Summaries and recordings of discussion mini-series on de-identifying data

Guides

/ December 18, 2015

In response to requests from the community to address questions and challenges around de-identifying data, we hosted an online discussion mini-series on this topic from June to November 2015. While there is a clear understanding of the importance of de-identifying data and the possible harms that can result from questionable practices, there is also confusion and trepidation on how to actually achieve de-identification in datasets. This uncertainty is preventing people and organisations from tackling these issues head-on.

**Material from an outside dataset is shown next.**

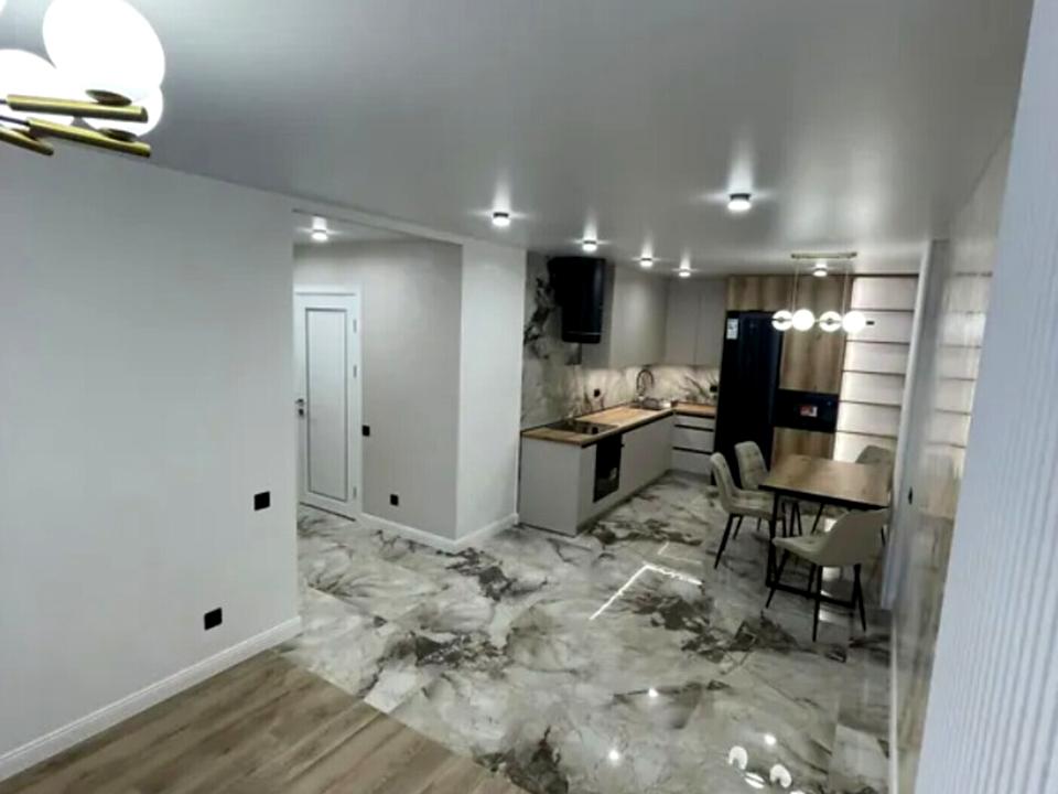 Квартира розташована на 7 поверсі 9 поверхового будинку. Загальна площа 57 кв.м, гарне планування, кухня-вітальня, дві окремі кімнати, просторий санвузол. У квартирі зроблено сучасний ремонт, меблями облаштована кухонна зона та спальня.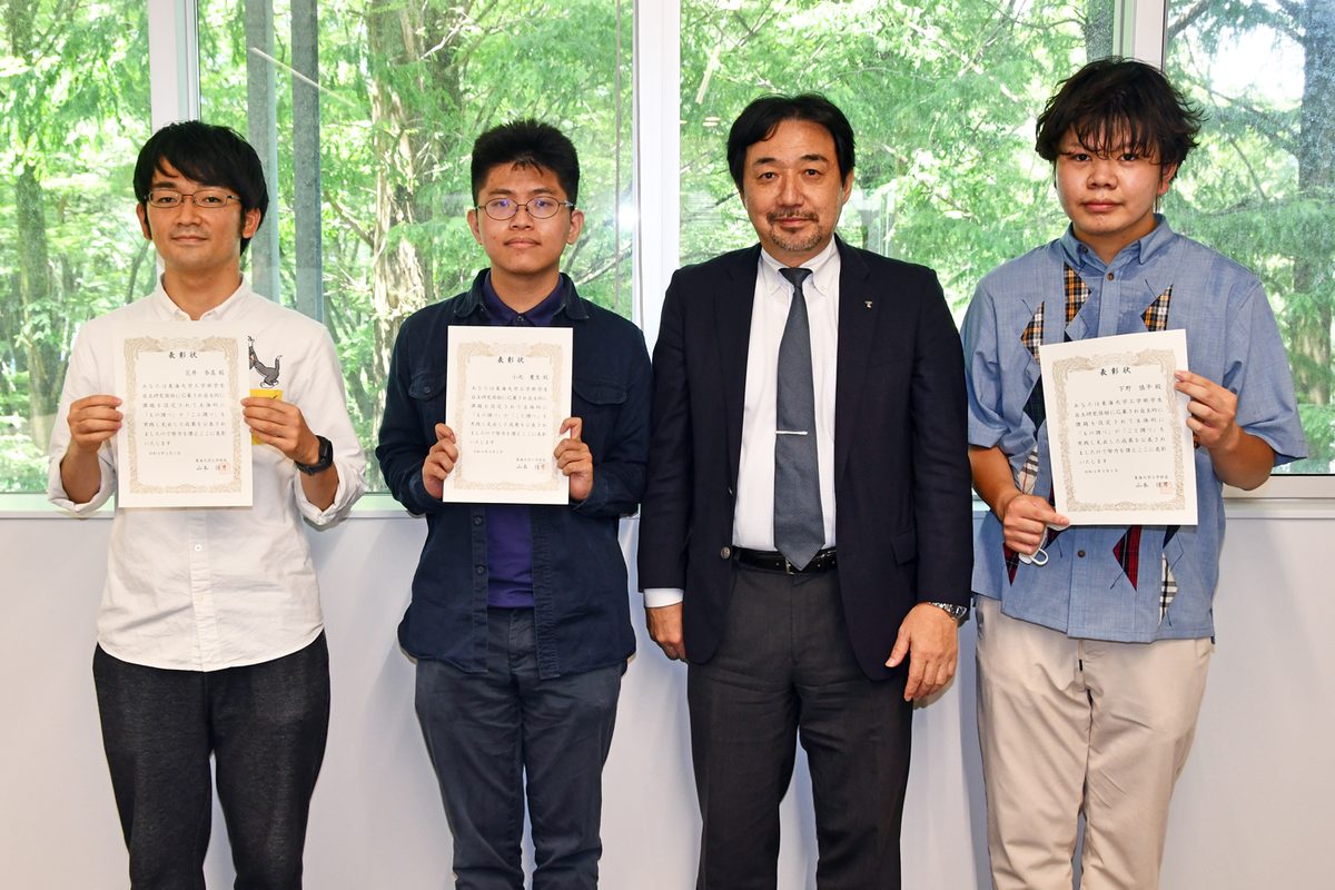 工学部では7月7日に湘南校舎で、学生自身が設定した自由な課題に挑む「学生自主研究奨励」の表彰式を行いました。大学の授業や身の回りの出来事の中で感じる疑問や関心から研究の種を膨らませ、芽吹かせていく学生を応援しようと2018年からスタートした取り組みです。学生たちは毎年9月にエントリーし、12月末に報告書を提出。今回は下野慎平さん(工学部3年次生)、小池鷹生さん(同4年次生)、荒井杏真さん(大学院工学研究科1年次生)が応募し、山本佳男学部長から表彰状と記念品が手渡されました。

The goal of this mini-series was to create opportunities for the responsible data community of practitioners to share their experiences, knowledge and challenges with each other. Each discussion was slightly different in format and style: one is a presentation by a de-identification expert, while another is a discussion led by practitioners in the midst of developing data-sharing policies.

The resources that came out of these discussions represent the experience and knowledge of presenters and participants. We’re thankful for the 5 presenters/facilitators (listed below) and the over 40 participants for contributing to these discussions and resources! Below is a list of what came out of each event:

Mark Elliot of the UK Anonymisation Network (UKAN) led an introduction for advocacy organisations. Mark’s presentation covered some of the basics: the difference between de-identification and anonymization, and the balance that needs to be struck between de-identifying data and keeping enough information in the data to make it useful for advocacy. He also introduces us to the Anonymisation Decision-Making Framework by UKAN. We have a summary and a recording of the entire conversation on our website.

Sara-Jayne Terp of Thoughtworks facilitated a lively discussion on risk analysis and mitigation strategies in the context of sharing data. Sara-Jayne describes her experience with identifying and mitigating risk related to personal identifiable information (PII) in development-related datasets. We have a recording of the presentation and a summary of the participant discussion on our website.

Max Shron of Polynumeral gave us a thorough introduction to k-anonymity and other de-identification frameworks. In this session we explored the more technical side of de-identifying data. We all came away with a better understanding of what the different frameworks are, why they matter and what the potential caveats are with each. We have a summary of the presentation and the full recording on our website.

Amy O’Donnell and Simone Lombardini of Oxfam shared their processes and reflections on developing a data-deposit decision-making framework. This working session was an opportunity for practitioners to share and discuss initiatives in the challenges in opening data. It was also an opportunity for Oxfam to solicit suggestions, feedback and ideas from the responsible data community of practice on their recently developed data deposit decision making framework. Mark Elliot joined us for this call to share his experience working with Oxfam and other organizations on similar decision-making frameworks. On our website, we have shared the presentation and some key questions and challenges raised during the participant discussion.

If you’re struggling with de-identifying your data, we hope these resources will be helpful. And for your questions and challenges that aren’t addressed here, reach out to the responsible data community for support.